After the Soviet liberation of Theresienstadt in 1945, she and Raphael returned to Prague, and in March 1949 emigrated to Israel, to be reunited with some of her surviving family, including her twin sister, Mariana. Herz lived in Israel for almost 40 years, working as a music teacher at the Jerusalem Academy of Music, until emigrating to London in 1986.
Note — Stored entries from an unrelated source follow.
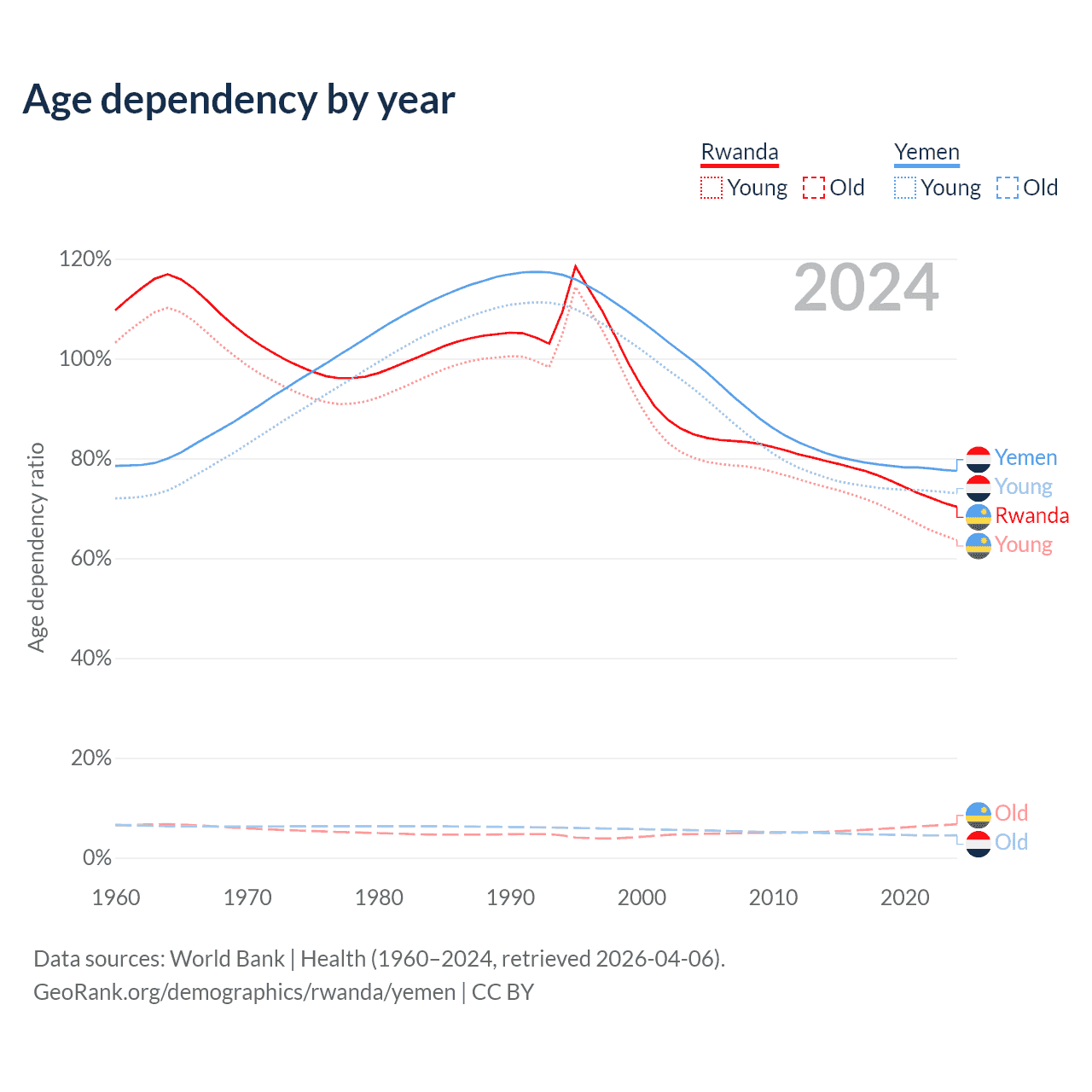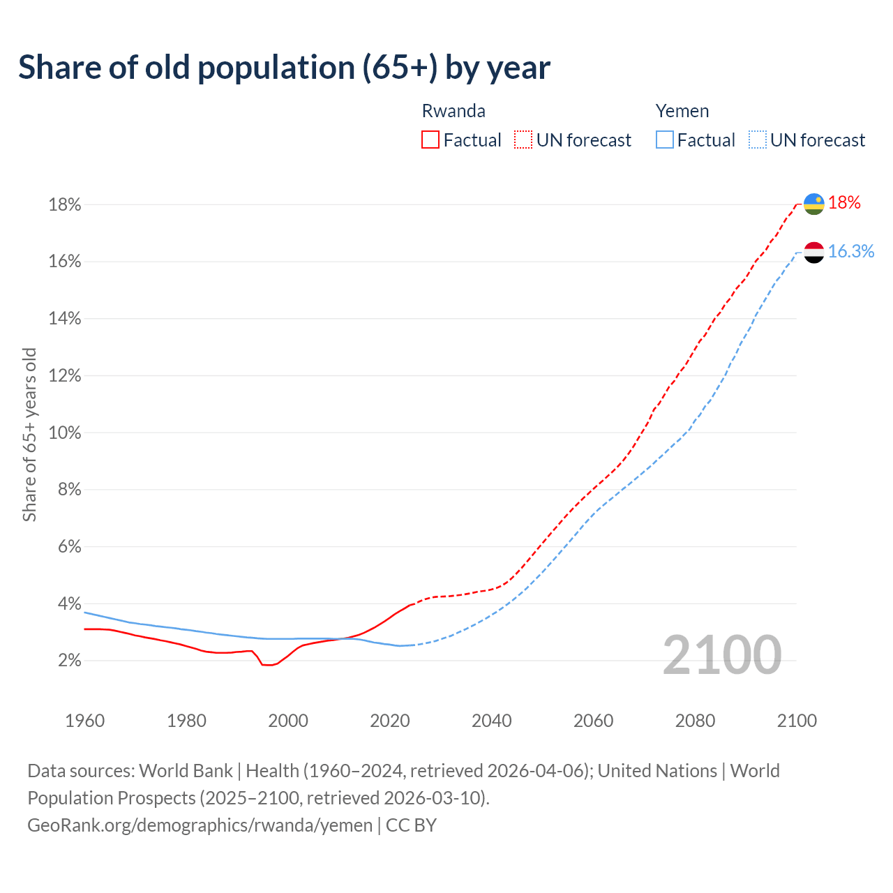 - The share of old-age demographic (65+) in Rwanda is 3.93% vs 2.52% in Yemen.
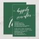 Voici un choix amusant et simple pour vos besoins de célébration post-mariage. Sur un fond uni modifiable, j'ai placé un graphique typographique qui indique "happily ever after" avec une police script élaborée ornée de cœurs. En dessous, vos informations apparaissent dans une police simple en majuscules. Utilisez les champs du modèle pour ajouter vos propres informations et cliquez pour personnaliser davantage si vous souhaitez apporter d'autres modifications. Toutes les couches sont déverrouillées pour vous permettre de contrôler le positionnement et la taille comme vous le souhaitez.
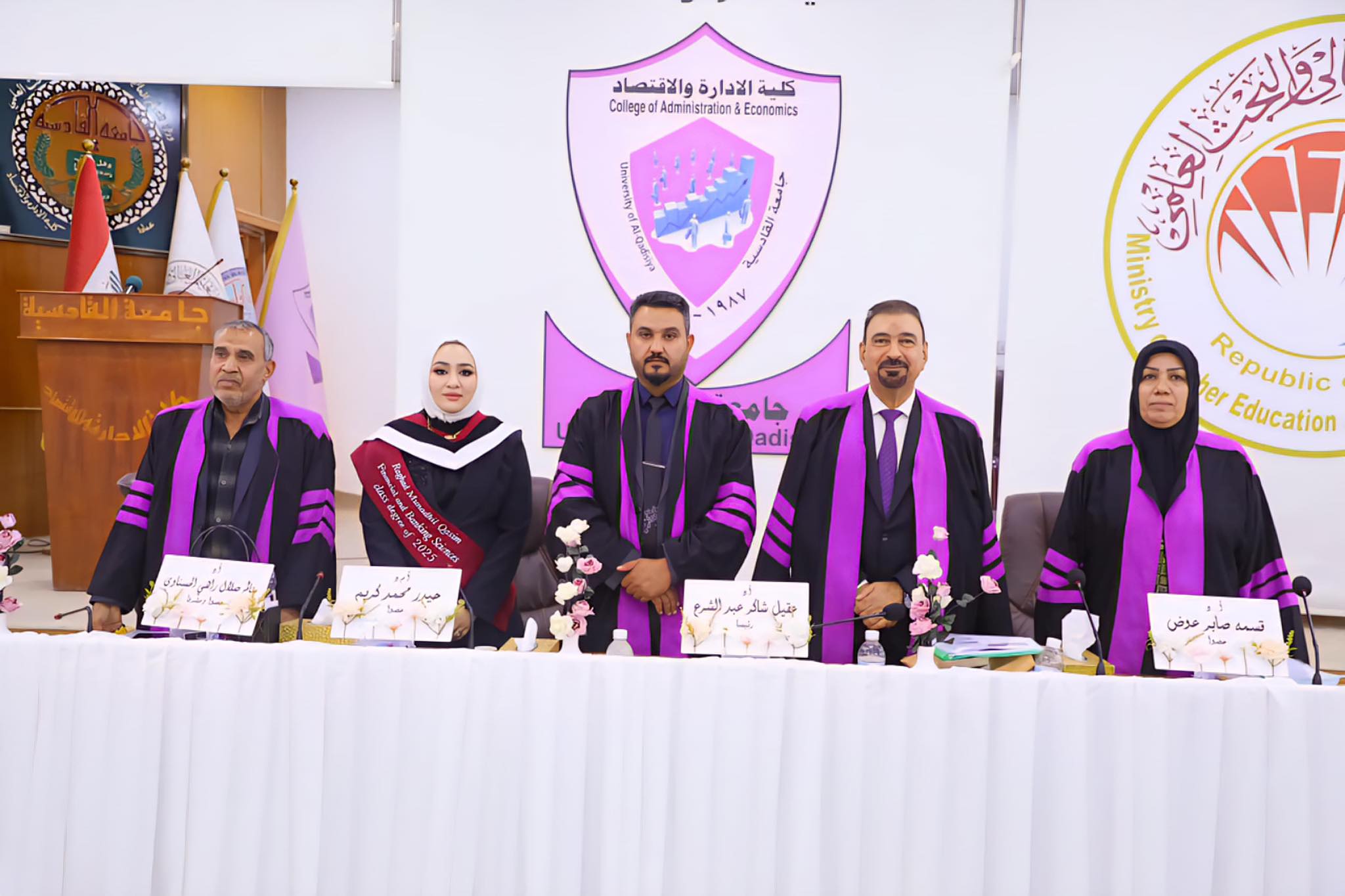 نُوقشت في قسم العلوم المالية والمصرفية بكلية الإدارة والاقتصاد جامعة القادسية رسالة الماجستير الموسومة بـ (دور نماذج تقييم أداء أسهم الشركات في بناء المحفظة الاستثمارية دراسة تطبيقية في سوق العراق للأوراق المالية للمدة (2018-2023)) للطالبة رغد مناضل قاسم وبإشراف الأستاذ الدكتور سالم صلال الحسناوي
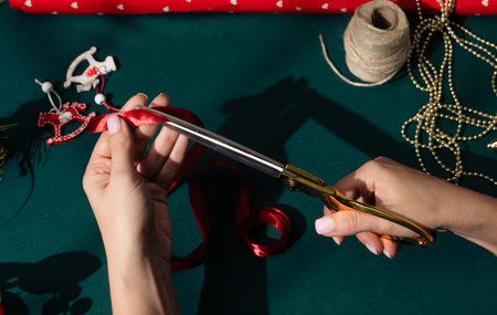 Female hands cutting shiny red ribbon with golden scissors on green surface surrounded by holiday decorations, twine, and ornaments in bright sunlight.
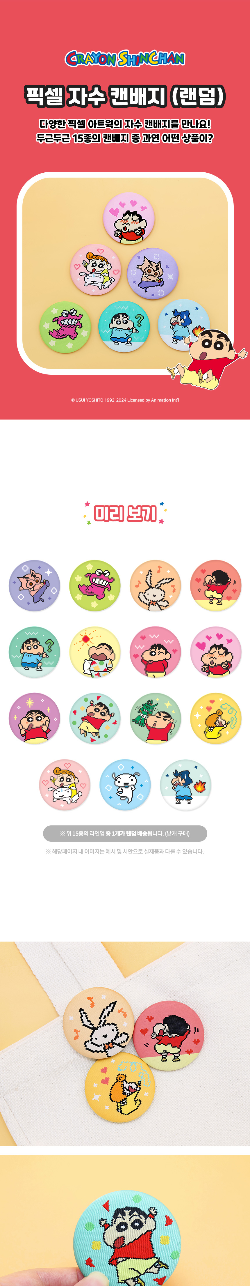 대원미디어 짱구는못말려 픽셀 자수 캔배지 랜덤단품
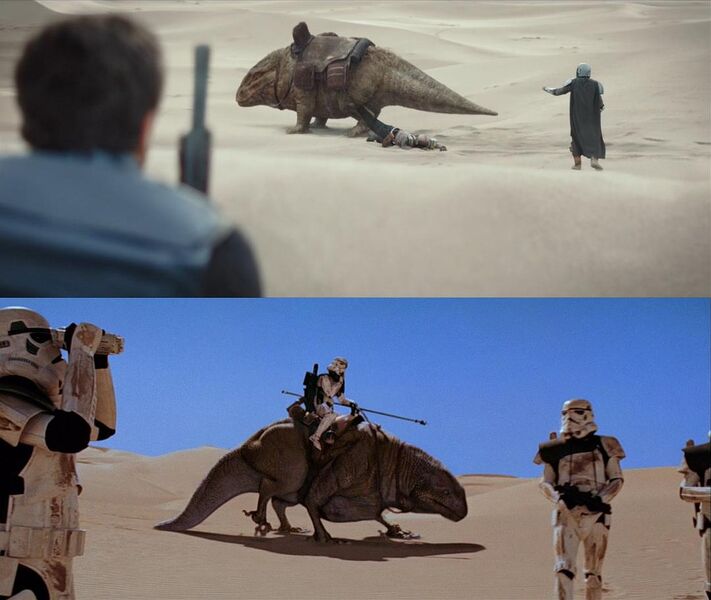 塔斯肯袭击者身边的动物是班萨(bantha)——银河系最常见,用途最广的动物之一。塔斯肯人和班萨最早出自《新的希望》。
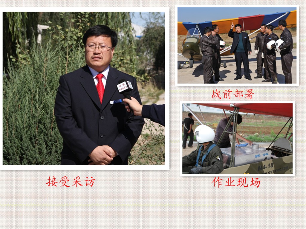 ,而是毅然決然的走上里一條充滿艱辛的打拼之路,在別人笑之為天方夜譚的情況下,1999年四處投親靠友籌集資金從北京航空航天大學(xué)購(gòu)進(jìn)了一架蜜蜂4超輕型飛機(jī),與此同時(shí)它成就了內(nèi)蒙古自治區(qū)第一個(gè)私人擁有飛機(jī)的人,飛機(jī)有了,他東奔西走,開(kāi)始學(xué)習(xí)、探索、研究制作超輕飛機(jī)飛機(jī)播種和飛機(jī)滅蟲設(shè)備,經(jīng)過(guò)4年的反復(fù)試驗(yàn),終于在2003年設(shè)備試驗(yàn)成功,但沒(méi)有相關(guān)手續(xù)私人飛機(jī)不允許私自飛行,于是成立航空公司的想法在心中勾畫,他開(kāi)始了中國(guó)第一家超輕型飛機(jī)通用航空公司的籌建工作,一己之力不可成江河,于是他伙同一直支持他的妻子四處請(qǐng)專家、找能人,終于在2006年經(jīng)過(guò)三年努力國(guó)家民航華北地區(qū)管理局為其頒發(fā)了通用航空公司籌建許可證,于是他又四處籌措資金,投入到籌建工作之中,2008年六月經(jīng)民航華北地區(qū)管理局驗(yàn)收合格并頒發(fā)通用航空運(yùn)營(yíng)許可,與此同時(shí)他的飛機(jī)播種、飛防滅蟲兩項(xiàng)實(shí)用新型專利獲得通過(guò),國(guó)家知識(shí)產(chǎn)權(quán)局頒發(fā)了實(shí)用新型知識(shí)產(chǎn)權(quán)證書。(鏡頭七)設(shè)備特寫(包括專利證書)邱志剛一個(gè)不屈不撓的東北漢子,在平凡的人生道路上創(chuàng)造了不平凡的業(yè)績(jī),創(chuàng)造了不平凡的人生價(jià)值。創(chuàng)造了人生的豪邁與神奇。
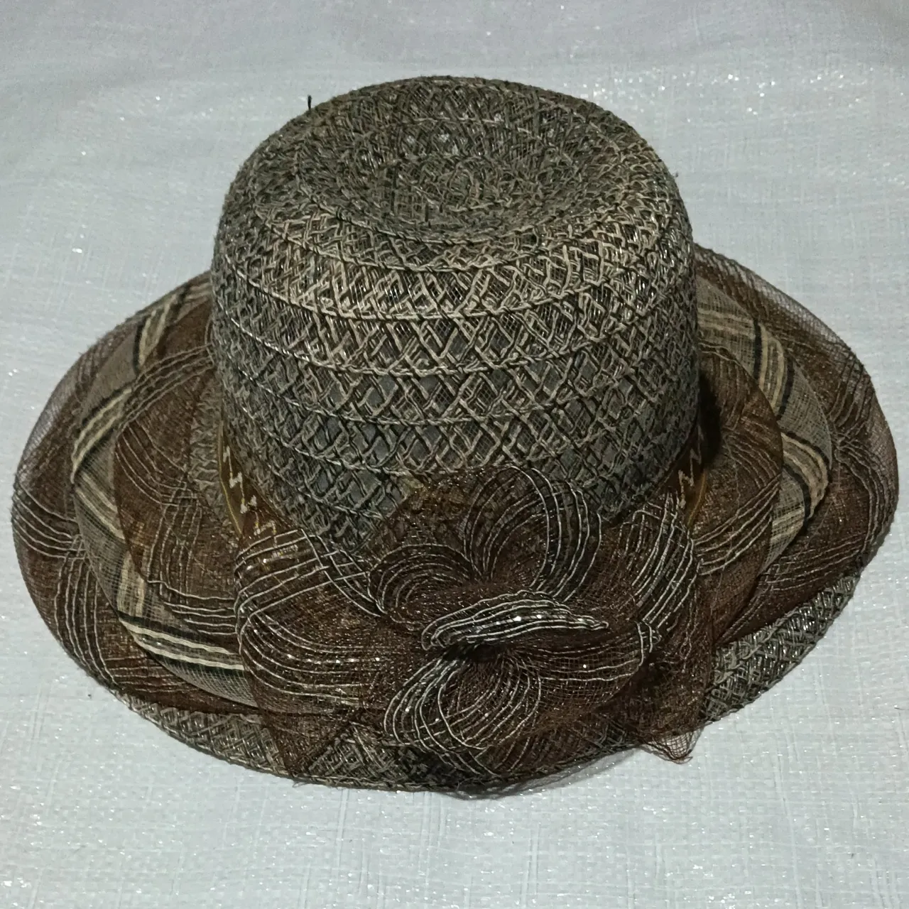 Sombrero de paja tejido con cinta de tela estampada y flor decorativa. El interior tiene una cinta de ajuste. DIÁMETRO DE LA CABEZA: (55cm.)
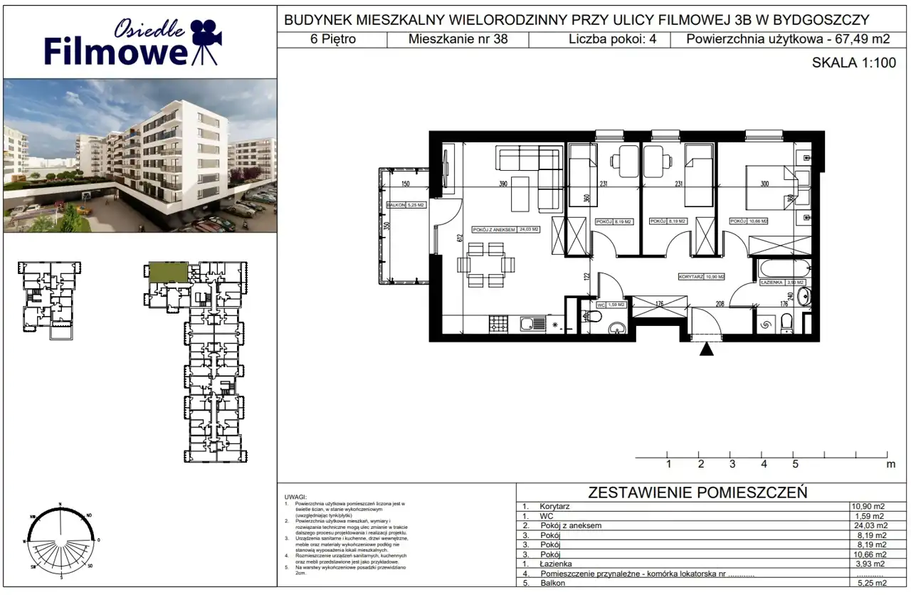 - Charakterystyka mieszkania 67.49 m2, 4 pokoje
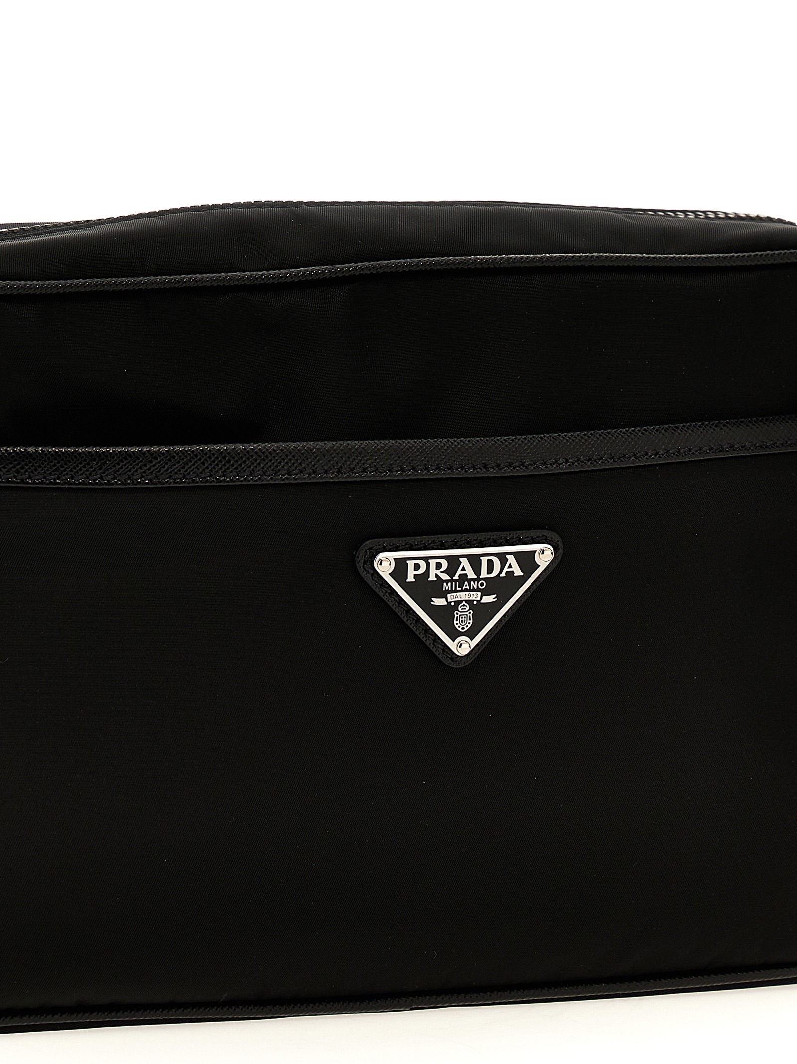 ‘Camera bag’ Re-nylon crossbody bag with zip closure, triangle metal front logo, adjustable shoulder strap.
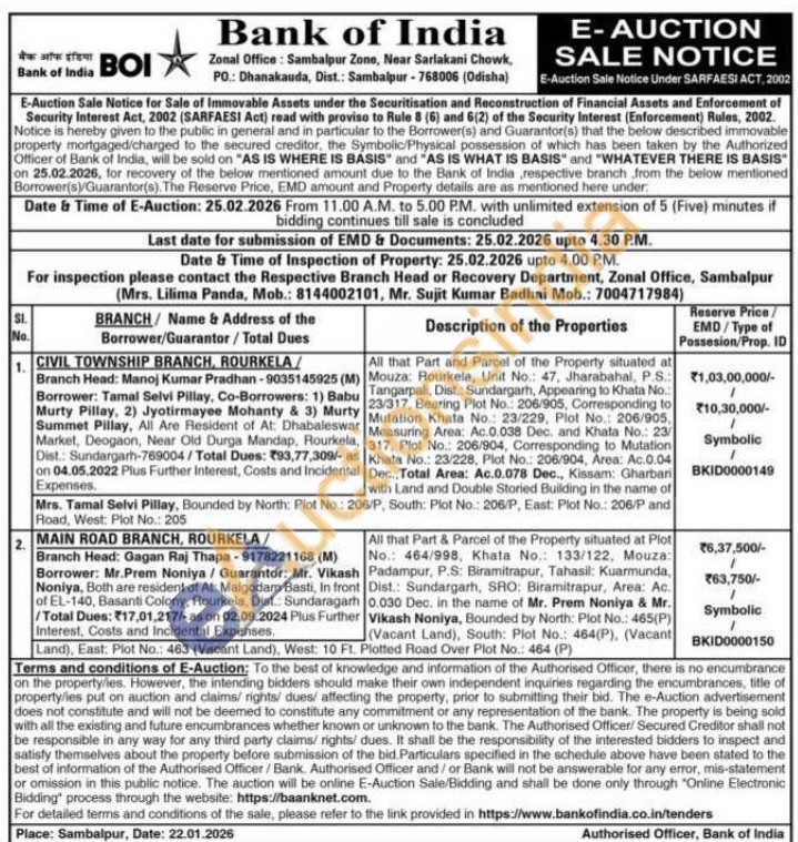 All that Part & Parcel of the Property situated at Plot No.: 464/998, Khata No.: 133/122, Mouza: Padampur, P.S: Biramitrapur, Tahasil: Kuarmunda, Dist.: Sundargarh, SRO: Biramitrapur, Area: Ac. 0.030 Dec. in the name of Mr. Prem Noniya & Mr. Vikash Noniya, Bounded by North: Plot No.: 465(P) (Vacant Land), South: Plot No.: 464(P), (Vacant Plotted Road Over Plot No.: 464 (P)
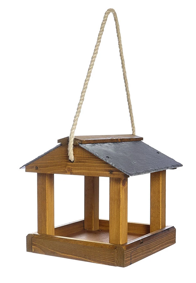 Manufactured from timber with tan wood stain for weather protection. Features real slate roof with thick hanging rope. Perfect for hanging from trees or brackets for feeding wild bird seed mixtures. Features raised feeding tray edges to prevent wind from blowing bird feed away and stopping birds from scattering food to the ground. Drain holes for drainage of excess moisture and rain to help keep seed fresh and dry. Manufactured in Great Britain.

In London Herz-Sommer lived close to her family in a one-room flat in Belsize Park, visited almost daily by her closest friends, her grandson Ariel Sommer, and daughter-in-law Genevieve Sommer. She practised playing the piano three hours a day until the end of her life. She stated that optimism was the key to her life:I look at the good. When you are relaxed, your body is always relaxed. When you are pessimistic, your body behaves in an unnatural way. It is up to us whether we look at the good or the bad. When you are nice to others, they are nice to you. When you give, you receive.She also declared a firm belief in the power of music: "Music saved my life and music saves me still... I am Jewish, but Beethoven is my religion."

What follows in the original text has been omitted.